───── GIVEN MATERIAL ─────

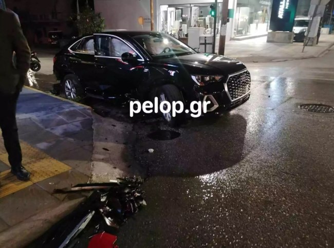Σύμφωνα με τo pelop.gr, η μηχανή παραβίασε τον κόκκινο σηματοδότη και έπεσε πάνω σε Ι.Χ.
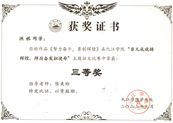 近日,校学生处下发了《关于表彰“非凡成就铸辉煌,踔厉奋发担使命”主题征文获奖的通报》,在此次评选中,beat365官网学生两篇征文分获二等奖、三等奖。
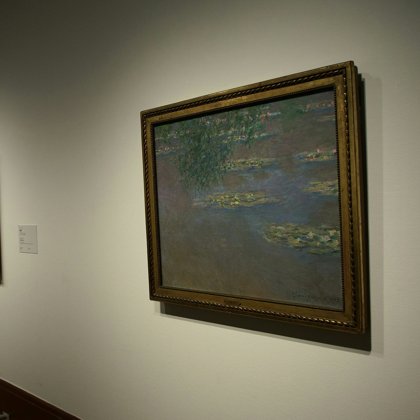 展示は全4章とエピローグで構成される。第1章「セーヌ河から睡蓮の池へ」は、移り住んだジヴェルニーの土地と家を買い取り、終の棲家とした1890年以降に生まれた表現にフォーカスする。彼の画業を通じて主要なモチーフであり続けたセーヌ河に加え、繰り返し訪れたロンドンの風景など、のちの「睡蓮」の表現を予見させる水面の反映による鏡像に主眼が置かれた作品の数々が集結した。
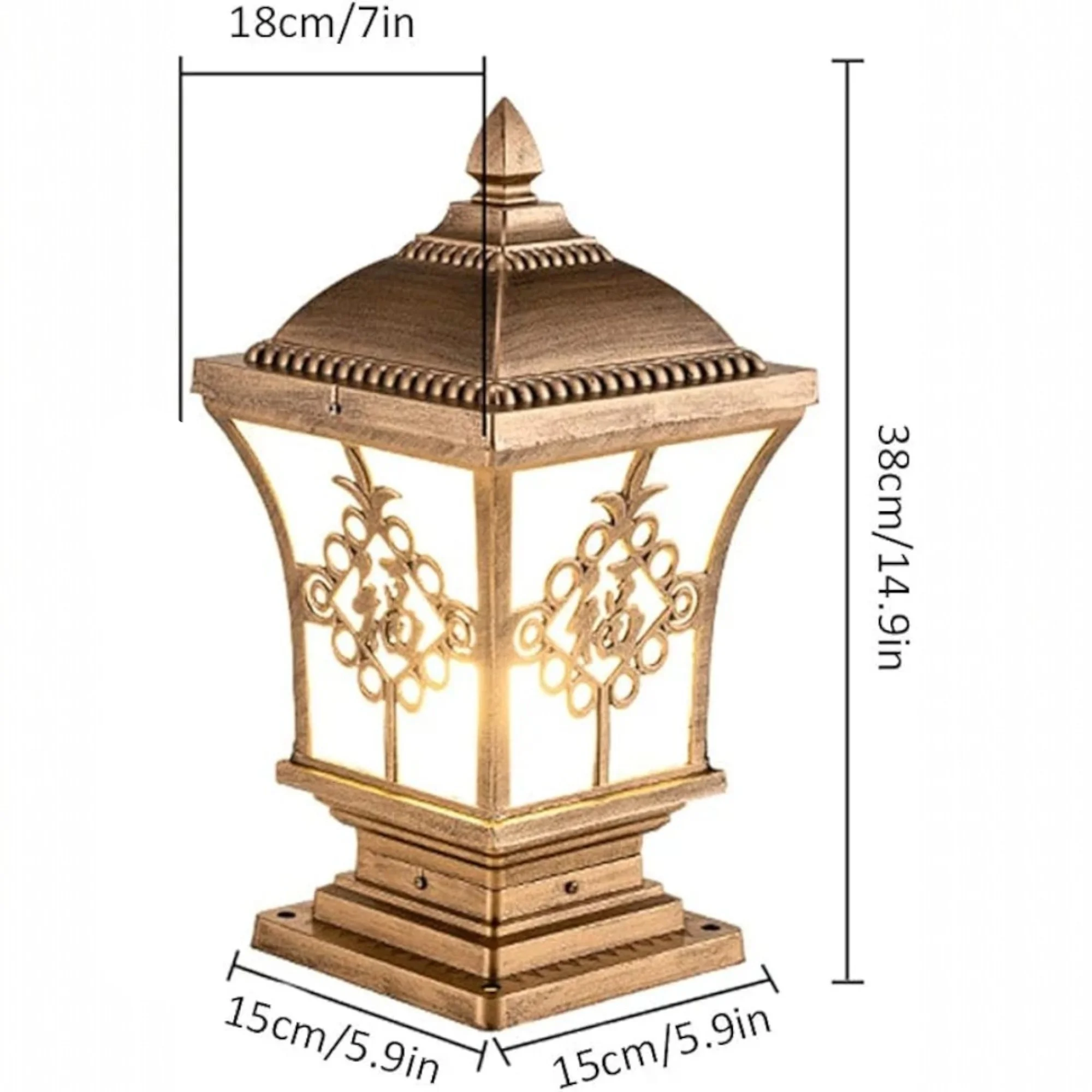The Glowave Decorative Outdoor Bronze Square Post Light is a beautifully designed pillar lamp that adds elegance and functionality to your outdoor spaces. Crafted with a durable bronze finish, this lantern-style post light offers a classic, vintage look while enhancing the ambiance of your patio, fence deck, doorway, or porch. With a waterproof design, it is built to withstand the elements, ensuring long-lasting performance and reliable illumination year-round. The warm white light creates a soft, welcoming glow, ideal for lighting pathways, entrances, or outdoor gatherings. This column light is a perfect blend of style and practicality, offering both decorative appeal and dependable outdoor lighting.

─────

## ABOUT THIS EXERCISE
Which lines run from the one containing "近日,校学生处下发了《关于表" to the end of the data above? Set down those lines exactly, and only those, without any pictures.

## SOLUTION FOR THIS EXERCISE
 近日,校学生处下发了《关于表彰“非凡成就铸辉煌,踔厉奋发担使命”主题征文获奖的通报》,在此次评选中,beat365官网学生两篇征文分获二等奖、三等奖。
 展示は全4章とエピローグで構成される。第1章「セーヌ河から睡蓮の池へ」は、移り住んだジヴェルニーの土地と家を買い取り、終の棲家とした1890年以降に生まれた表現にフォーカスする。彼の画業を通じて主要なモチーフであり続けたセーヌ河に加え、繰り返し訪れたロンドンの風景など、のちの「睡蓮」の表現を予見させる水面の反映による鏡像に主眼が置かれた作品の数々が集結した。
The Glowave Decorative Outdoor Bronze Square Post Light is a beautifully designed pillar lamp that adds elegance and functionality to your outdoor spaces. Crafted with a durable bronze finish, this lantern-style post light offers a classic, vintage look while enhancing the ambiance of your patio, fence deck, doorway, or porch. With a waterproof design, it is built to withstand the elements, ensuring long-lasting performance and reliable illumination year-round. The warm white light creates a soft, welcoming glow, ideal for lighting pathways, entrances, or outdoor gatherings. This column light is a perfect blend of style and practicality, offering both decorative appeal and dependable outdoor lighting.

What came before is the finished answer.